If the one in the Storm UI is incomplete (Storm UI tends to truncate long tracebacks like the one you posted), you can ssh into one of your Storm cluster nodes running the topology and inspect the worker-*.log
files in the logs/
folder.
That's the whole traceback, but why this error?
ImportError: No module named pyleus.storm
2014-10-18 19:36:18 b.s.util [ERROR] Async loop died!

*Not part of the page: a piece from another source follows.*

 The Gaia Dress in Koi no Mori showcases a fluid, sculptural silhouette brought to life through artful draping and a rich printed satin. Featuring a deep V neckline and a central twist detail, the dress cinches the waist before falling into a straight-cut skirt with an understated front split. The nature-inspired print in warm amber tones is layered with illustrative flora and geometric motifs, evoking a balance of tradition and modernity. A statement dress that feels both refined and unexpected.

java.lang.RuntimeException: Error when launching multilang subprocess
Traceback (most recent call last):
File "/usr/lib64/python2.6/runpy.py", line 122, in _run_module_as_main
"__main__", fname, loader, pkg_name)
File "/usr/lib64/python2.6/runpy.py", line 34, in _run_code
exec code in run_globals
File "/home/storm-0.9.2/workdir/supervisor/stormdist/exclamation_topology-21-1413631895/resources/exclamation_topology/test_word_spout.py", line 8, in <module>
from pyleus.storm import Spout
ImportError: No module named pyleus.storm
at backtype.storm.utils.ShellProcess.launch(ShellProcess.java:64) ~[storm-core-0.9.2-incubating.jar:0.9.2-incubating]

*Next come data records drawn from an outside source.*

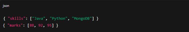 The Array data type in MongoDB is used to store multiple values in a single field. An array can contain a list of values of the same type or different types, offering flexibility in storing complex data. For example, a field skills may store ["Java", "Python", "MongoDB"], or a field marks may store [88, 92, 95]. Arrays are extremely useful for representing data that naturally exists in collections or lists, such as phone numbers, product categories, or tags associated with blog posts. They allow developers to model one-to-many relationships directly within a single document.
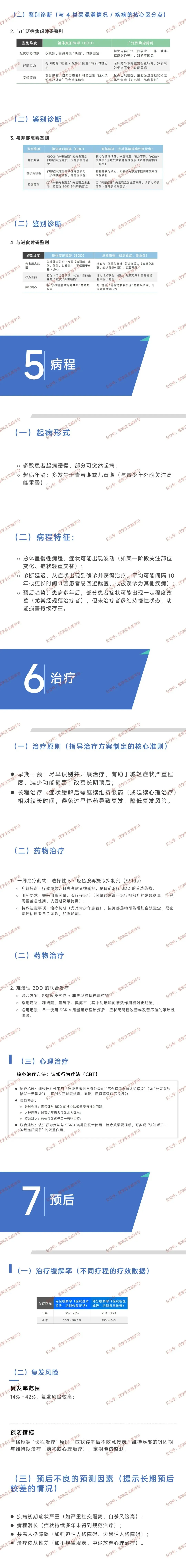 - 与抑郁障碍鉴别:BDD 核心是外表缺陷先占观念,抑郁为继发且随外表焦虑波动;抑郁障碍核心是情绪低落,外表相关想法为继发或精神病性症状,不随情绪波动明显变化。
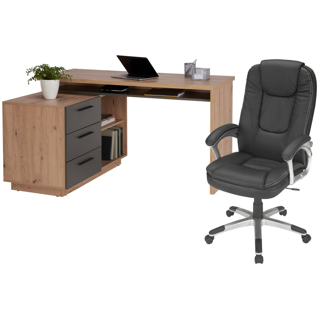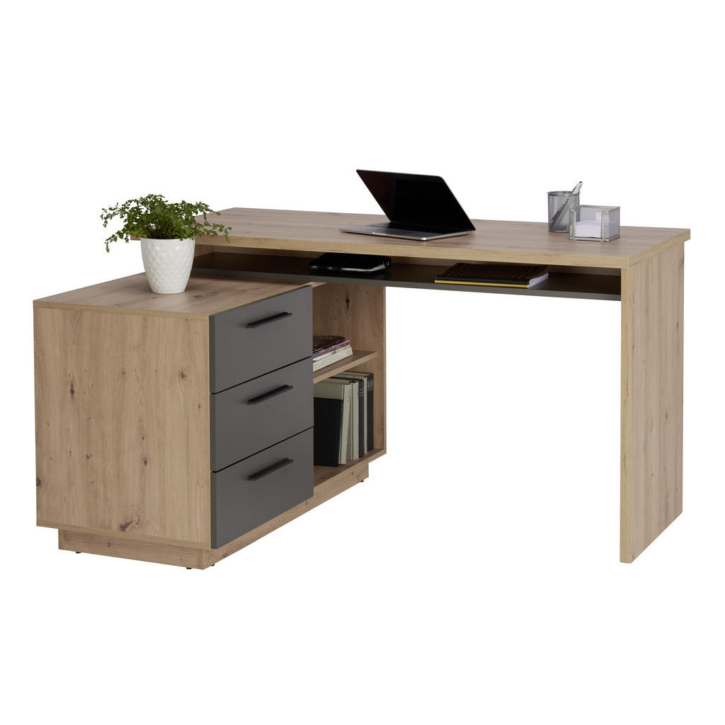 KOMBINIRANA PISALNA MIZA leseni material antracit, hrast artisan
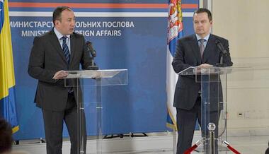 Београд, 30. децембар 2015. године – Први потпредседник Владе Републике Србије и министар спољних послова Ивица Дачић и министар спољних послова Босне и Херцеговине (БиХ) Игор Црнадак оценили су данас да су укупни односи двеју земаља у успону, уз изузетно добру трговинску размену.
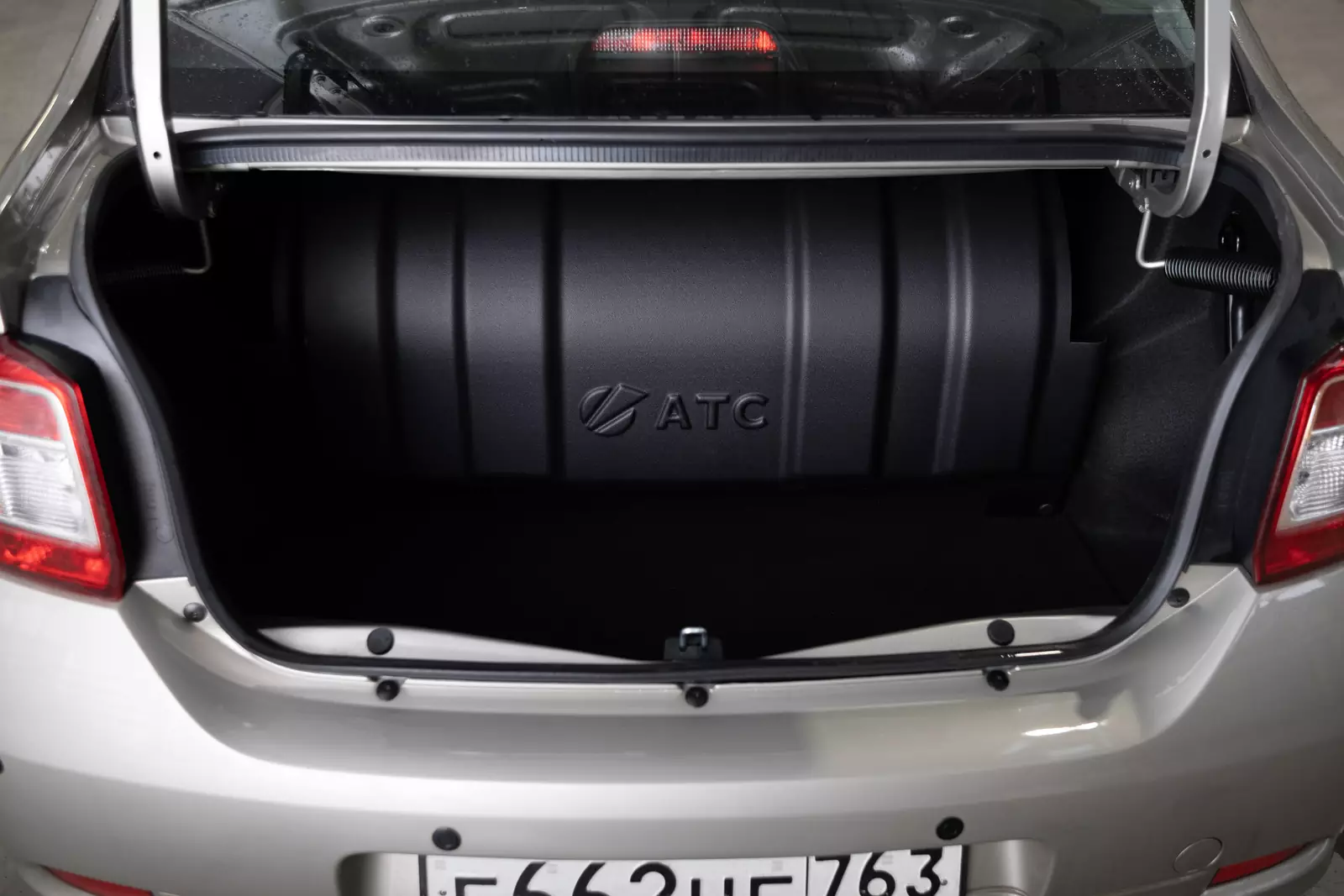Для заправки метаном в багажник установлен баллон емкостью 90 литров. Штатный 50-литровый бензобак остается на месте. При заправке сразу двумя видами топлива на Logan CNG можно проехать до 1000 километров.
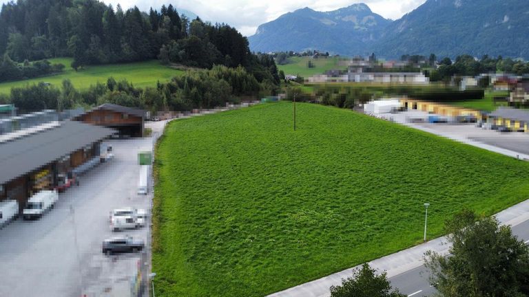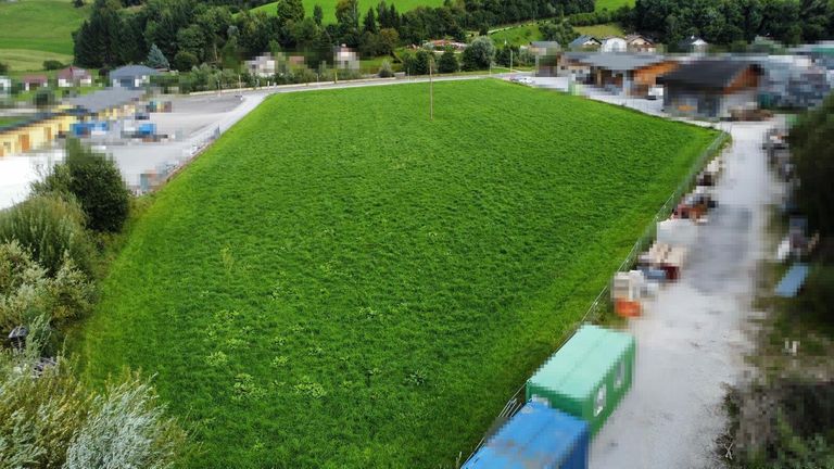 Flaches, voll aufgeschlossenes Grundstück mit Widmung I1 0,2-0,8 und ein Teil GG 0,2-1,2. Bebauungsplan muss mit der Gemeinde abgestimmt werden.

at backtype.storm.spout.ShellSpout.open(ShellSpout.java:54) ~[storm-core-0.9.2-incubating.jar:0.9.2-incubating]
at backtype.storm.daemon.executor$fn__5573$fn__5588.invoke(executor.clj:520) ~[storm-core-0.9.2-incubating.jar:0.9.2-incubating]

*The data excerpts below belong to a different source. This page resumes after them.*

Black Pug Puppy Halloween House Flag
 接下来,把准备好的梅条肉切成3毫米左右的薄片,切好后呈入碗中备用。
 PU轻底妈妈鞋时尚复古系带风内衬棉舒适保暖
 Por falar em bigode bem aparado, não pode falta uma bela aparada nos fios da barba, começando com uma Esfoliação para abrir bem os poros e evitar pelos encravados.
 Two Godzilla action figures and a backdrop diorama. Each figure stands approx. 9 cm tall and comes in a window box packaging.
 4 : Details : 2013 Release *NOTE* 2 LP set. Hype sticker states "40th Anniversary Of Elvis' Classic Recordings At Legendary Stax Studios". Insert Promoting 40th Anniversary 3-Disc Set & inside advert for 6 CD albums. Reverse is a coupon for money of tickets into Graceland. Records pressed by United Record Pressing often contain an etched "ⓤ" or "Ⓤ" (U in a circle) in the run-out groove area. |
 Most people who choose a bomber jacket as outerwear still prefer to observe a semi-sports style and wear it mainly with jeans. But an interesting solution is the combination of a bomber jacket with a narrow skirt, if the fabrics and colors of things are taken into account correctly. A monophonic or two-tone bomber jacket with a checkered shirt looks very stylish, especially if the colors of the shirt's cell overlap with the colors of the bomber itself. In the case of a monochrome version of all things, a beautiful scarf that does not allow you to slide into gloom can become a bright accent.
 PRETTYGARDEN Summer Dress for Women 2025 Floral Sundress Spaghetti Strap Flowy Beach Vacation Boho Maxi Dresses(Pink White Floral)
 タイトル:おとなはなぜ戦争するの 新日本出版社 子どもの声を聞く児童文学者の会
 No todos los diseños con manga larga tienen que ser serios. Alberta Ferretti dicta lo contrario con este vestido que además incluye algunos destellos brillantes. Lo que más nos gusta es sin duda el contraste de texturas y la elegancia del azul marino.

at backtype.storm.util$async_loop$fn__457.invoke(util.clj:429) ~[storm-core-0.9.2-incubating.jar:0.9.2-incubating]
at clojure.lang.AFn.run(AFn.java:24) [clojure-1.5.1.jar:na]
at java.lang.Thread.run(Thread.java:679) [na:1.6.0_24]
Caused by: java.io.EOFException: null
at org.msgpack.io.StreamInput.readByte(StreamInput.java:60) ~[stormjar.jar:na]
at org.msgpack.unpacker.MessagePackUnpacker.getHeadByte(MessagePackUnpacker.java:66) ~[stormjar.jar:na]
at org.msgpack.unpacker.MessagePackUnpacker.trySkipNil(MessagePackUnpacker.java:396) ~[stormjar.jar:na]
at org.msgpack.template.MapTemplate.read(MapTemplate.java:59) ~[stormjar.jar:na]
at org.msgpack.template.MapTemplate.read(MapTemplate.java:27) ~[stormjar.jar:na]
at org.msgpack.template.AbstractTemplate.read(AbstractTemplate.java:31) ~[stormjar.jar:na]
at org.msgpack.MessagePack.read(MessagePack.java:527) ~[stormjar.jar:na]
at org.msgpack.MessagePack.read(MessagePack.java:496) ~[stormjar.jar:na]
at com.yelp.pyleus.serializer.MessagePackSerializer.readMessage(MessagePackSerializer.java:198) ~[stormjar.jar:na]
at com.yelp.pyleus.serializer.MessagePackSerializer.connect(MessagePackSerializer.java:67) ~[stormjar.jar:na]
at backtype.storm.utils.ShellProcess.launch(ShellProcess.java:62) ~[storm-core-0.9.2-incubating.jar:0.9.2-incubating]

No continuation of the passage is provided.